Out Tuesday (November 13) is Driving Rain, the latest album from ex- Beatle Paul McCartney. Much attention has been paid to the fact that McCartney made the album-his first since 1999’s cover-heavy Run Devil Run, and his first release of all-new music since 1997’s Flaming Pie-with an entirely new creative team, including producer David Kahne and a group of young studio musicians that includes guitarist Rusty Anderson, keyboardist Gabe Dixon, and drummer Abe Laboriel Jr., the son of the famed session bassist.
However, McCartney said that he doesn’t think fans will find the sound of Driving Rain foreign. “It sounds like a band playing music,” he says. “Beyond that, it’s difficult to say. It’s me singing. It’s quite varied-the material is quite varied, but it somehow holds together-so it’s kind of interesting. It’s kind of rock-and-roll-stroke-pop-you know, I hate those definitions-but it’s what I would call a regular studio album from me, but I feel there’s something special about it.”

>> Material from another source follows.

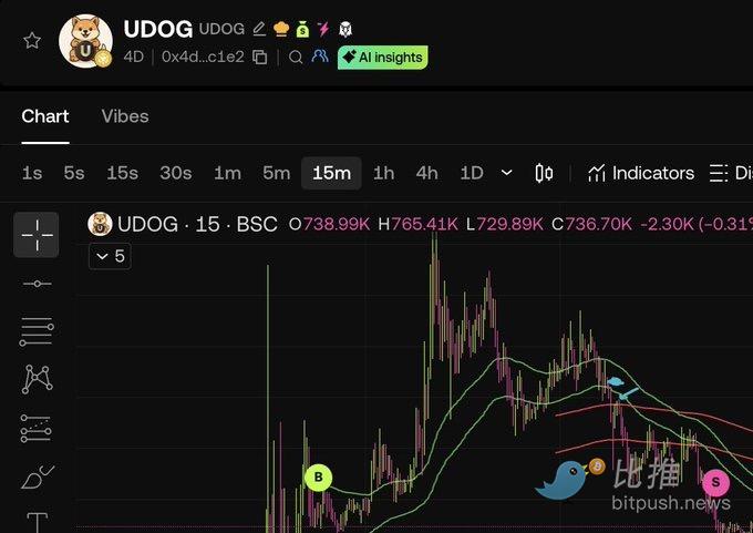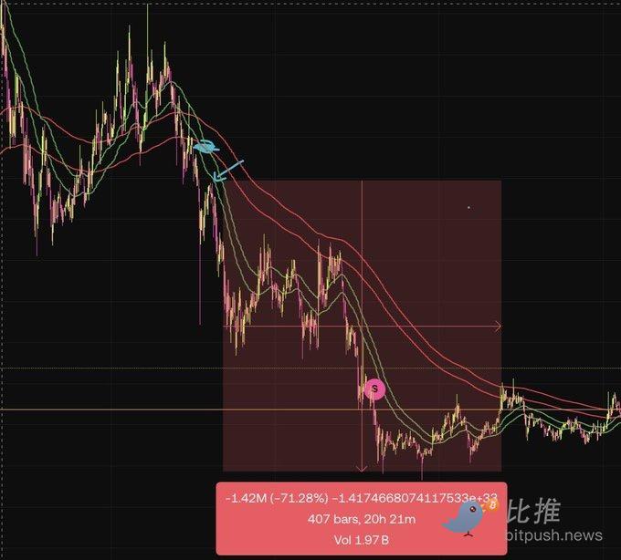 UDOG is a very typical实战 case. At one stage — around a $1.96M market cap, the chart very clearly showed: the trend was ending. The MAs were no longer aligned, momentum明显衰减, the market could no longer push forward.

McCartney cut Driving Rain at Henson Recording in Los Angeles in the spring and early summer of this year. An additional track, “Freedom”-which McCartney wrote in the wake of the September 11 terrorist attacks and debuted at the October 20 Concert For New York City-was a late addition to the album and is also the B-side of the first single, “From A Lover To A Friend,” sales of which are raising money for charitable causes.